Parallelizing Matrix Computation – Rython code

Assume a matrix $X_{10^4 times 2500}$ , calculating the pattern covariance takes round 40 seconds on my machine

TT <- 10000 p <- 2500 X <- matrix(rnorm(TT*p),TT,p) Xc <- scale(X, middle=TRUE,scale=FALSE) no_parallel= cov(Xc) system.time(cov(Xc)) # person system elapsed # 41.99 0.00 42.00

TT <– 10000

p <– 2500

X <– matrix(rnorm(TT*p),TT,p)

Xc <– scale(X, middle=TRUE,scale=FALSE)

no_parallel= cov(Xc)

system.time(cov(Xc))

# person system elapsed

# 41.99 0.00 42.00

It’s value acknowledging NumPy’s impressively optimized backend – relative to the R compiler; I needed to enhance the matrix dimensions fivefold to get a comparable ready time.

import numpy as np from multiprocessing import Pool, cpu_count from itertools import product import time TT = 50000 p = 12500 X = np.random.randn(TT, p) Xc = X – np.imply(X, axis=0) start_time = time.time() tmpp = np.cov(Xc, rowvar=False) elapsed = time.time() – start_time print(f”Completed in {elapsed:.2f} seconds.”) Completed in 18.75 seconds.

1

2

3

4

5

6

7

8

9

10

11

12

13

14

15

16

17

import numpy as np

from multiprocessing import Pool, cpu_count

from itertools import product

import time

TT = 50000

p = 12500

X = np.random.randn(TT, p)

Xc = X – np.imply(X, axis=0)

start_time = time.time()

tmpp = np.cov(Xc, rowvar=False)

elapsed = time.time() – start_time

print(f“Completed in {elapsed:.2f} seconds.”)
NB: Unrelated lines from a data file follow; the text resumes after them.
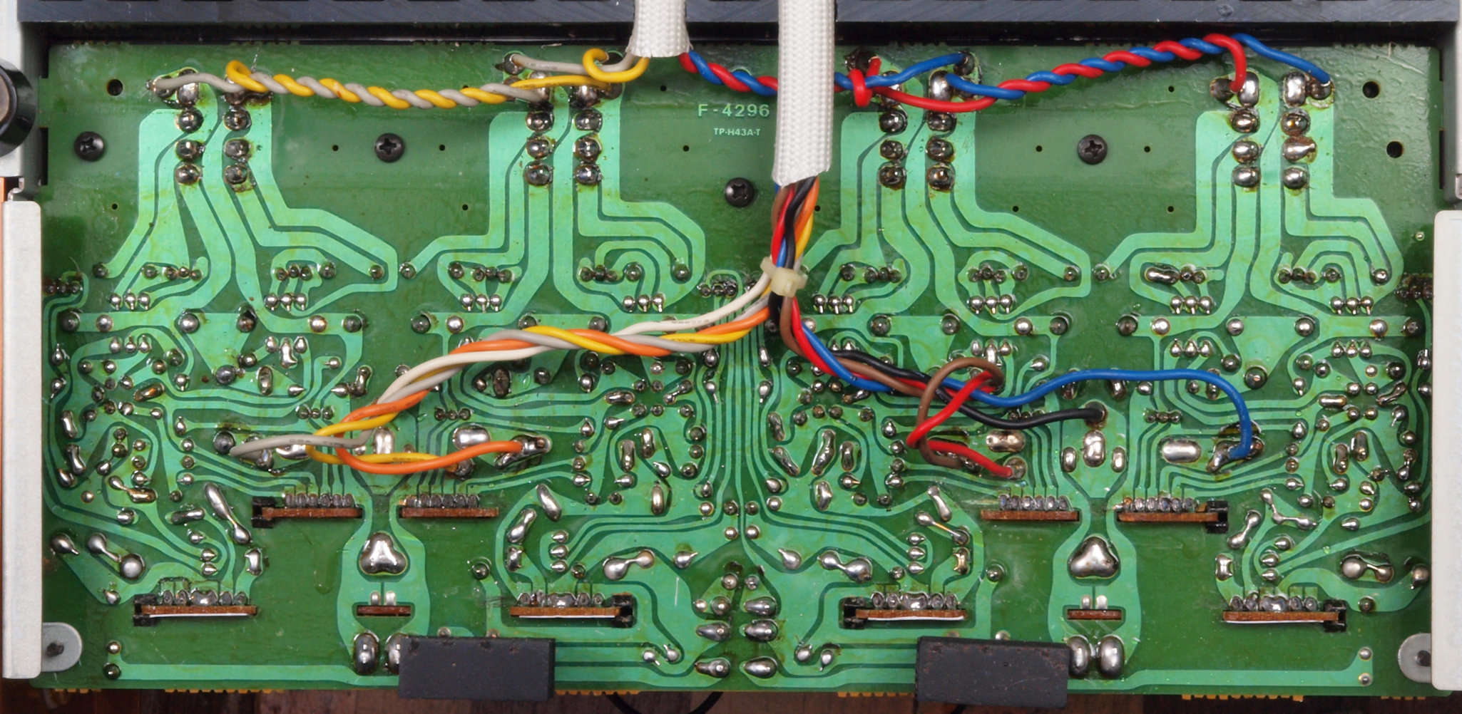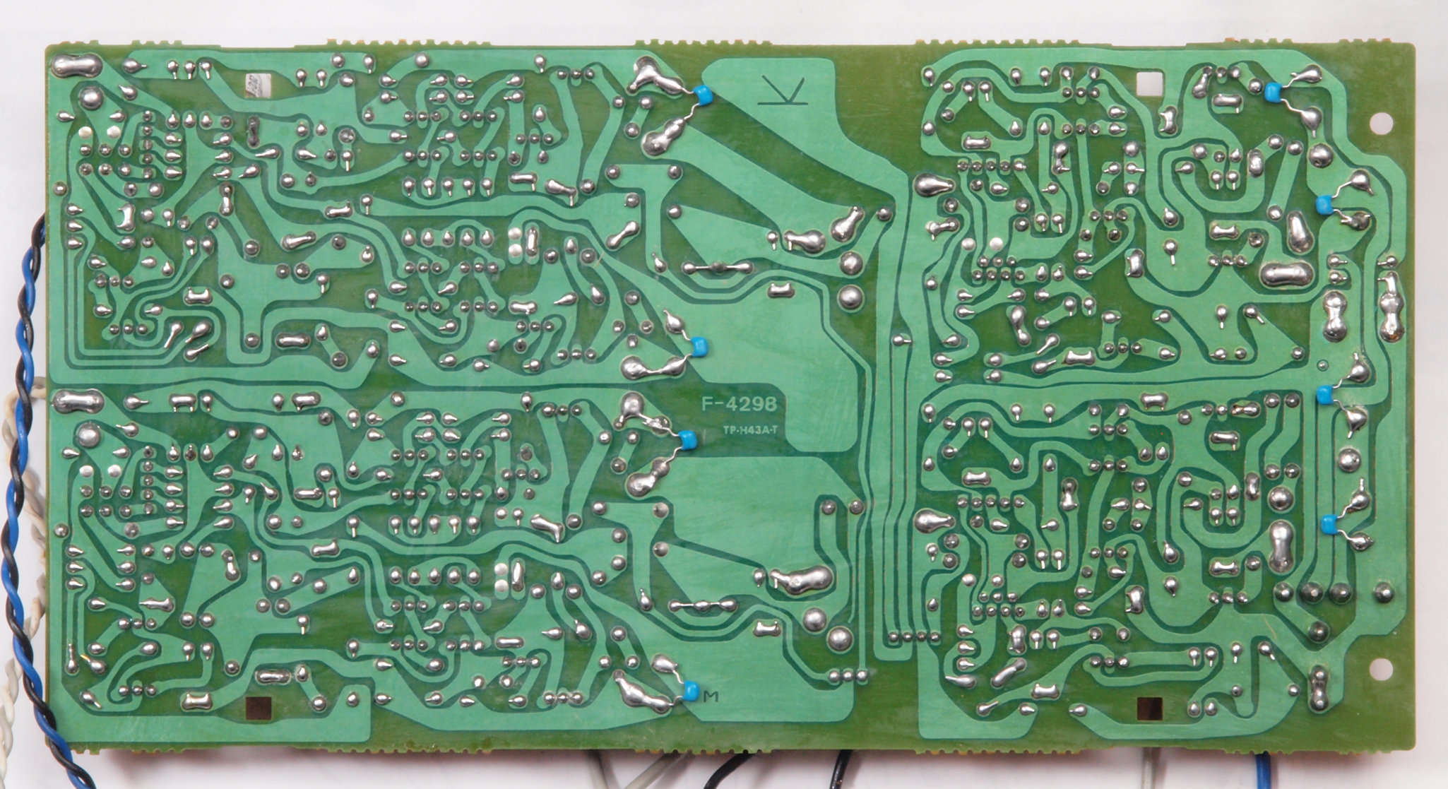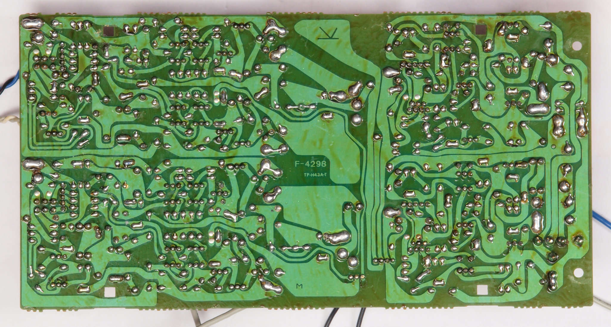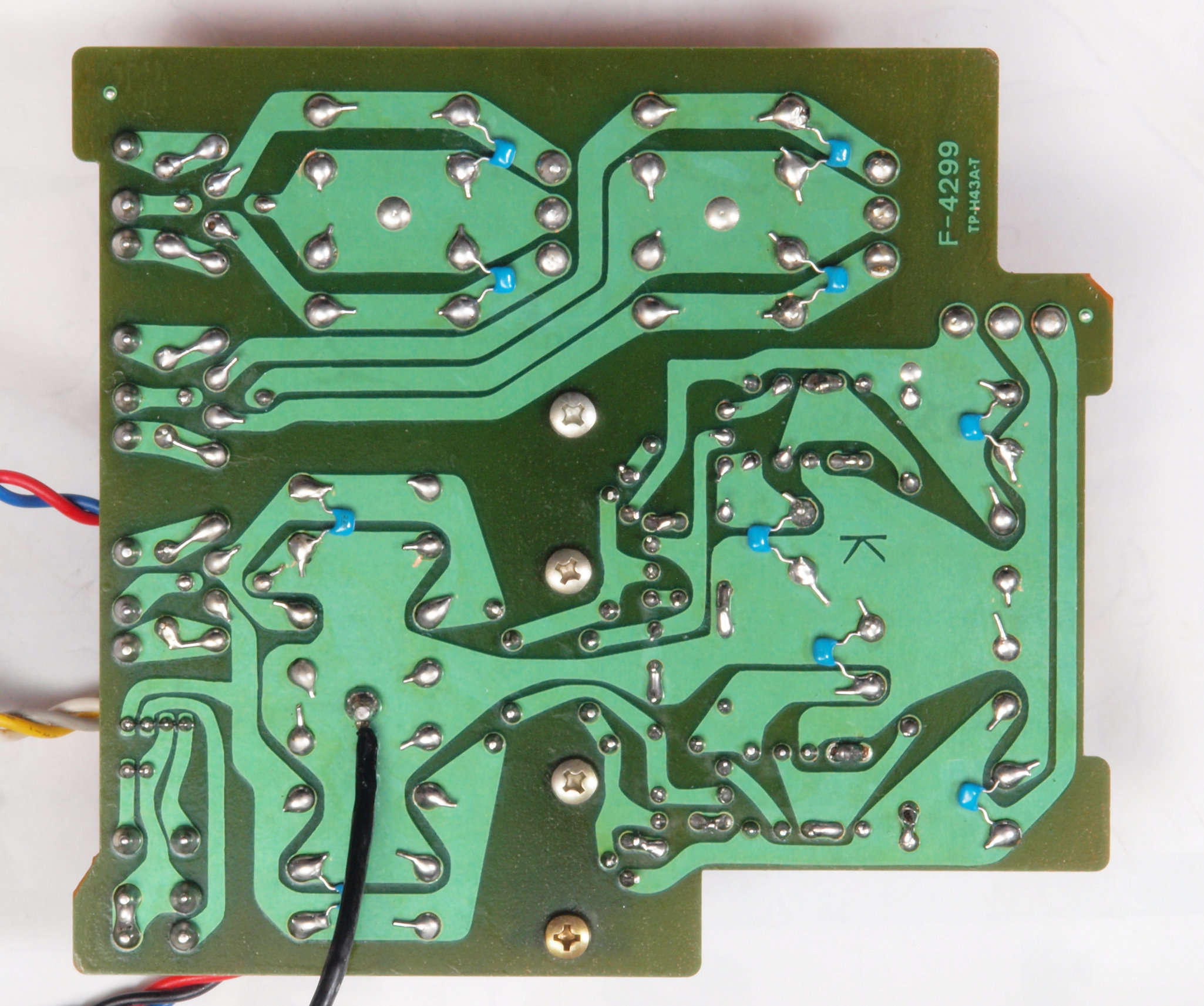 C442. 修理(半田補正)後 メイン・ドライブAMP基板裏。 半田を全部やり直す。
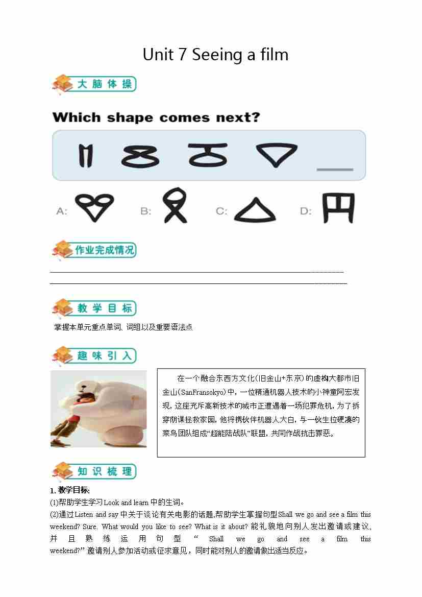 广东省深圳市小学英语沪教牛津版六年级上册Unit7:Seeingafilm讲义
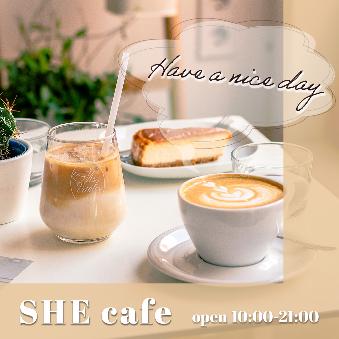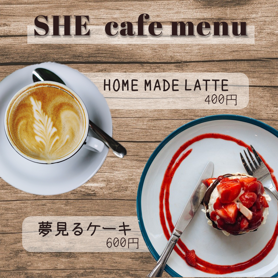 ・『SHE cafe』の文字間隔が狭く窮屈に感じる。広くしてゆったりとさせてみたらどうか。

Completed in 18.75 seconds.

Now let’s parallel. The trick is to interrupt the large matrix into smaller chunksblocks, compute the covariance of these small chunks, and thoroughly rearrange it again to it’s unique dimensions. Within the code block 1 has our variables listed from 1 by way of $p/5$ , block 2 has indices $(p/5)+1$ by way of $2times (p/5)$ and so forth till block 5. No cause to decide on precisely 5 chunks, experiment at your leisure (which I’m sure you’ll ). Subsequent we create a grid that pairs every potential mixture of those blocks. Now you possibly can ship your particular person “employees” to work on these blocks individually. When carried out, rearrange it again into covariance type, which shouldn’t take lengthy.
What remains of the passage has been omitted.